El señor Bobo, que la esperaba en la entrada, le dio una palmadita en un hombro.
—Los ratones dicen que todo está bien —comentó—. Dicen que eres nuestra salvadora, Caroline.
—Me llamo Coraline, señor Bobo —lo corrigió ella—. Caroline no. Coraline.
—Coraline. —El señor Bobo repitió el nombre con asombro y respeto—. Muy bien, Coraline. Los ratones me han encargado que te diga que cuando estén preparados para tocar en público, tienes que subir y ser su primera espectadora. Van a tocar «tumpi, tumpi» y «turururu», y a bailar y a hacer un montón de trucos. Eso es lo que dicen.
—Me encantaría verlos cuando estén listos —respondió Coraline.
Luego llamó a la puerta de la señorita Spink y la señorita Forcible. La primera la invitó a pasar y Coraline entró en la salita. Dejó la caja de las muñecas en el suelo, metió una mano en el bolsillo y sacó la piedra agujereada.
—¡Aquí tiene! —exclamó—. Ya no la necesito. Le estoy muy agradecida. Creo que me ha salvado la vida, y además salvó de la muerte a otras personas.
Abrazó con fuerza a las dos mujeres, aunque sus brazos no podían rodear bien a la señorita Spink, y la señorita Forcible olía a ajos crudos. Después Coraline recogió la caja y se fue.
—¡Qué niña tan rara! —exclamó la señorita Spink. Nadie la había abrazado de esa forma desde que se había retirado del teatro.
Esa noche Coraline se tumbó en la cama después de bañarse y cepillarse los dientes, y se puso a mirar el techo con los ojos muy abiertos.
Hacía bastante calor, y como la mano se había ido, abrió de par en par la ventana de su habitación. Le había pedido a su padre que no echase del todo las cortinas.
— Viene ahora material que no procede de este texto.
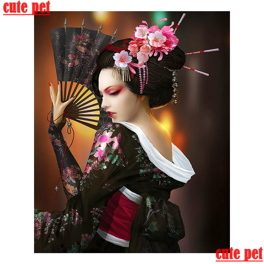 Картина 5D, украшение, японская гейша, сделай сам, алмазная живопись, настенная живопись, Набор для вышивки крестиком, мозаичный узор, 3d обои
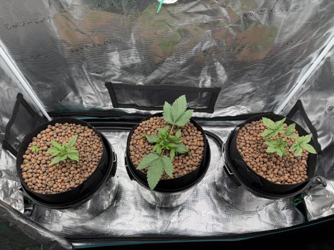 The ladies were defoliated for the first time. One has already been topped.

Su nuevo uniforme escolar estaba cuidadosamente colocado sobre la silla para que se lo pusiera al levantarse.
Por lo general, en la noche previa al primer día del curso Coraline se sentía inquieta y nerviosa. Pero entonces comprendió que nunca volvería a darle miedo nada relacionado con el colegio.
Le pareció que el aire de la noche le llevaba una música celestial: el tipo de música que sólo se interpreta con diminutos trombones, trompetas y fagots de plata, con flautines y tubas tan pequeños y frágiles que sus botones sólo los pueden tocar los rosados deditos de los ratones blancos.
Coraline se imaginó que regresaba al sueño en que jugaba con las dos niñas y el niño, y sonrió.
Cuando asomaron las primeras estrellas, Coraline se durmió definitivamente mientras la suave música del circo de ratones invadía el aire cálido del anochecer, anunciándole al mundo que el verano casi había terminado.